Therewith more amicably, father and son fell to calculations of resources, which they kept up all through supper-time, and all the evening, till the names of Hobs, Wills, Dicks, and the like rang like a repeating echo in Grisell’s ears.  All through those long days of summer the father and son were out incessantly, riding from one tenant or neighbour to another, trying to raise men-at-arms and means to equip them if raised.  All the dues on the herring-boats and the two whalers, on which Grisell had reckoned for the winter needs, were pledged to Sunderland merchants for armour and weapons; the colts running wild on the moors were hastily caught, and reduced to a kind of order by rough breaking in.  The women of the castle and others requisitioned from the village toiled under the superintendence of the lady and Grisell at preparing such provision and equipments as were portable, such as dried fish, salted meat, and barley cakes, as well as linen, and there was a good deal of tailoring of a rough sort at jerkins, buff coats, and sword belts, not by any means the gentle work of embroidering pennons or scarves notable in romance.

“Besides,” scoffed Robert, “who would wear Grisly Grisell’s scarf!”

“I would,” manfully shouted Bernard; “I would cram it down the throat of that recreant Copeland.”

“Oh! hush, hush, Bernard,” exclaimed Grisell, who was toiling with aching fingers at the repairs of her father’s greasy old buff coat.  “Such things are, as Robin well says, for noble demoiselles with fair faces and leisure times like the Lady Margaret.  And oh, Robin, you have never told me of the Lady Margaret, my dear mate at Amesbury.”

“What should I know of your Lady Margarets and such gear,” growled Robin, whose chivalry had not reached the point of caring for ladies.

“The Lady Margaret Plantagenet, the young Lady Margaret of York,” Grisell explained.

“Oh!  That’s what you mean is it?  There’s a whole troop of wenches at the high table in hall.  They came after us with the Duchess as soon as we were settled in Trim Castle, but they are kept as demure and mim as may be in my lady’s bower; and there’s a pretty sharp eye kept on them.  Some of the young squires who are fools enough to hanker after a few maids or look at the fairer ones get their noses wellnigh pinched off by Proud Cis’s Mother of the Maids.”

“Then it would not avail to send poor Grisell’s greetings by you.”

“I should like to see myself delivering them!  Besides, we shall meet my lord in camp, with no cumbrance of woman gear.”

Lord Whitburn’s own castle was somewhat of a perplexity to him, for though his lady had once been quite sufficient captain for his scanty garrison, she was in too uncertain health, and what was worse, too much broken in spirit and courage, to be fit for the charge.  He therefore decided on leaving Cuthbert Ridley, who, in winter at least, was scarcely as capable of roughing it as of old, to protect the castle, with a few old or partly disabled men, who could man the walls to some degree, therefore it was unlikely that there would be any attack.

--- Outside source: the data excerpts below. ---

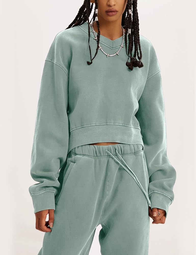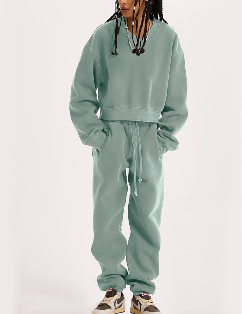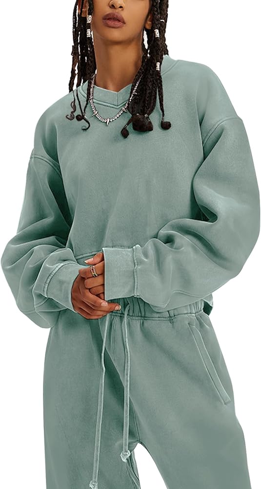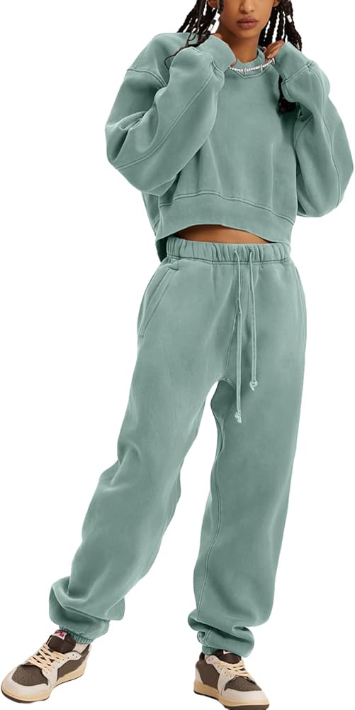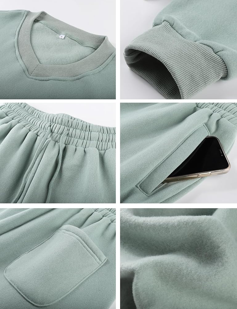 PEHMEA ملابس نسائية مكونة من قطعتين بلوفر بأكمام طويلة وسراويل ركض بدلة رياضية (BeanGreen-M)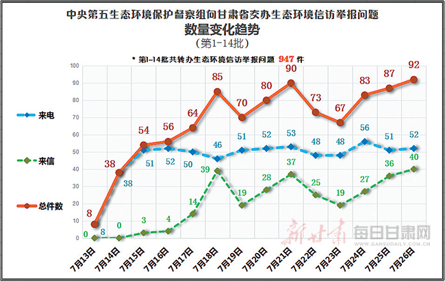 每日甘肃网兰州讯(新甘肃·甘肃日报记者文洁)7月26日,中央第五生态环境保护督察组向甘肃省移交了第十四批生态环境信访举报问题共92件,其中来电52件,来信40件,涉及我省14个市(州)。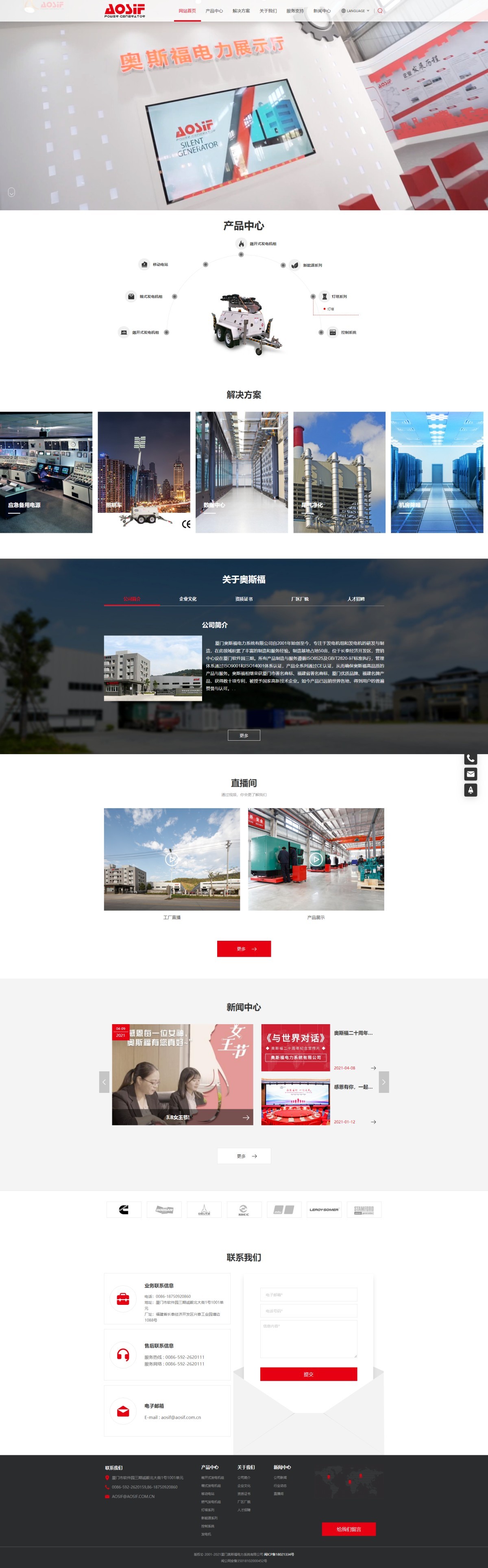 作为专业的发电机组制造商,奥斯福注重产品的研发创新和服务品质,长期与康明斯、珀金斯、斗山、上柴动力、无锡万迪、利莱森玛、斯坦福、马拉松等国际国内著名企业保持密切战略合作关系。产品范围包括柴油发电机组5KVA~5000KVA;燃气发电机组25KVA~1500KVA;静音型、集装箱式发电机组;拖车、车载式移动电站;控制系统包括自动控制屏、并机并网系统、ATS自动电源切换柜,除此奥斯福可以在标准产品基础上提供产品定制和电站整体解决方案,最大限度满足市场需求。着眼全球,打造国际品牌,持续不断为客户创造价值是所有奥斯福人不变的承诺和永恒的追求。
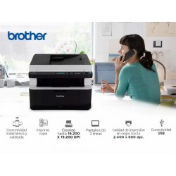 Multifuncional láser monocromático confiable y de precio económico, ideal para el hogar. Es compacto e imprime y copia hasta 21 ppm con rapidez. Es fácil de usar en red Ethernet o inalámbrica y permite imprimir desde dispositivos móviles vía Brother iPrint&Scan. Tiene un alimentador automático de documentos para copiar y escanear hasta 10 páginas, una bandeja expandible para 150 hojas hasta tamaño legal y utiliza cartuchos de tóner de remplazo de bajo costo. Imprime documentos de alta calidad desde tamaño A5 hasta legal con una resolución de 2.400 x 600 dpi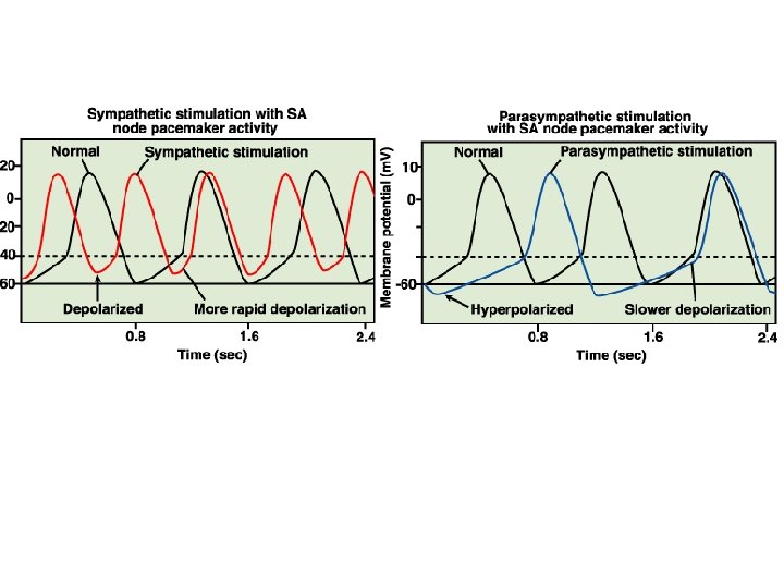 Modulation of autorhythmic cells • Parasympathetic, acetyl choline • Muscarinic receptors • K+ channels open mb hyperpolarizes cell less excitable • Ca++ channel less likely to open slower depolarization cell is less excitable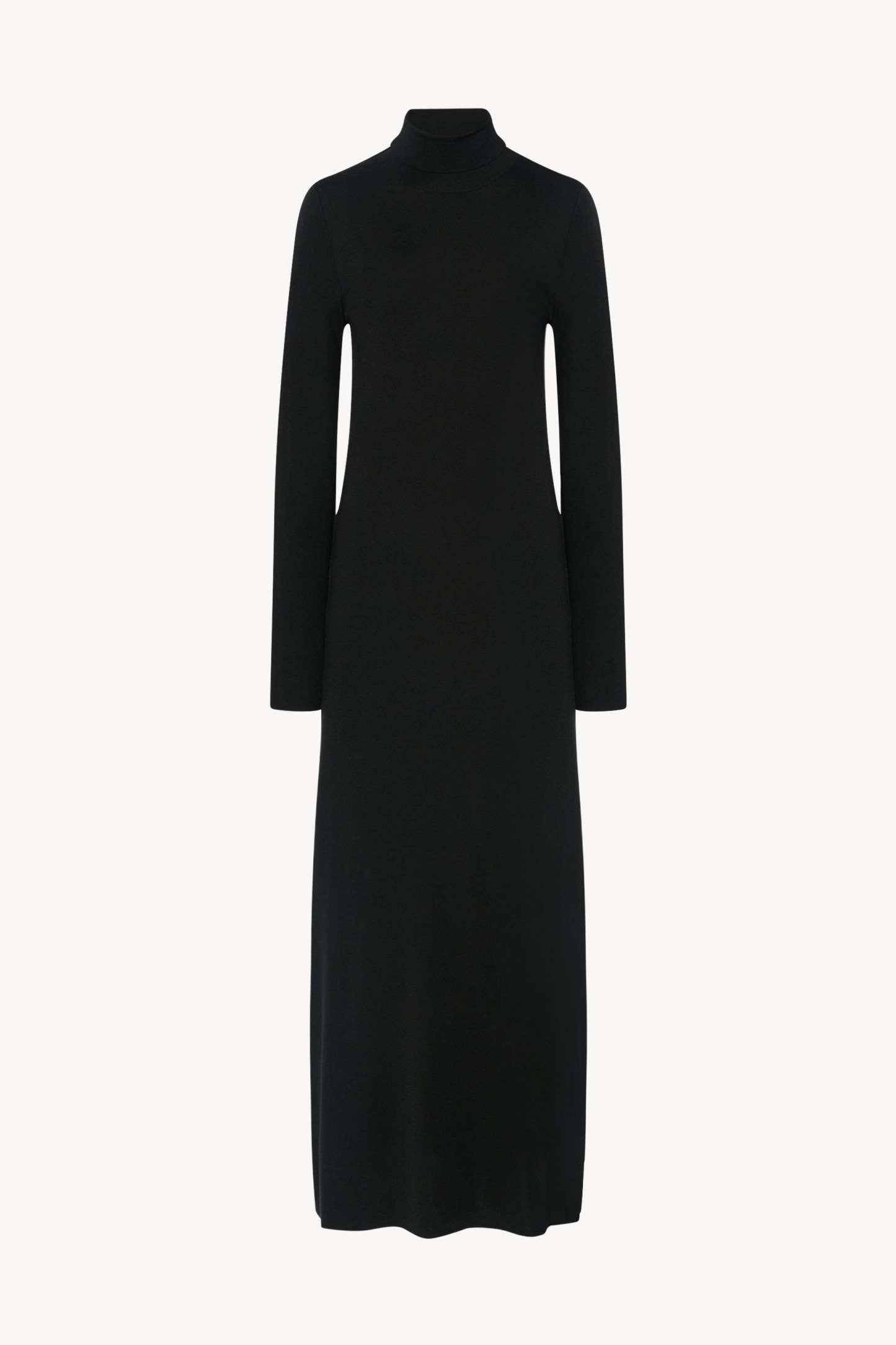 Ankle-length long-sleeved dress in ultrafine wool jersey with fitted silhouette, high turtleneck, and exposed seam finish.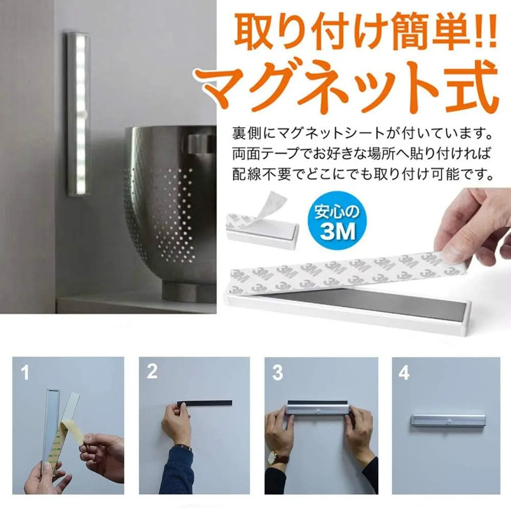 【工事不要で取り付け簡単】本体背面にマグネットと両面テープが装着されており、工具、ネジ、ナットは不要、壁に貼り付けるだけで簡単に設置が可能です。簡単に脱着ができるので、粘着テープを壁に取り付ければ、いつでも取り外して懐中電灯のように持って使うこともできます。

So on a May morning the old, weather-beaten Dacre pennon with its three crusading scallop-shells, was uplifted in the court, and round it mustered about thirty men, of whom eighteen had been raised by the baron, some being his own vassals, and others hired at Sunderland.  The rest were volunteers—gentlemen, their younger sons, and their attendants—placing themselves under his leadership, either from goodwill to York and Nevil, or from love of enterprise and hope of plunder.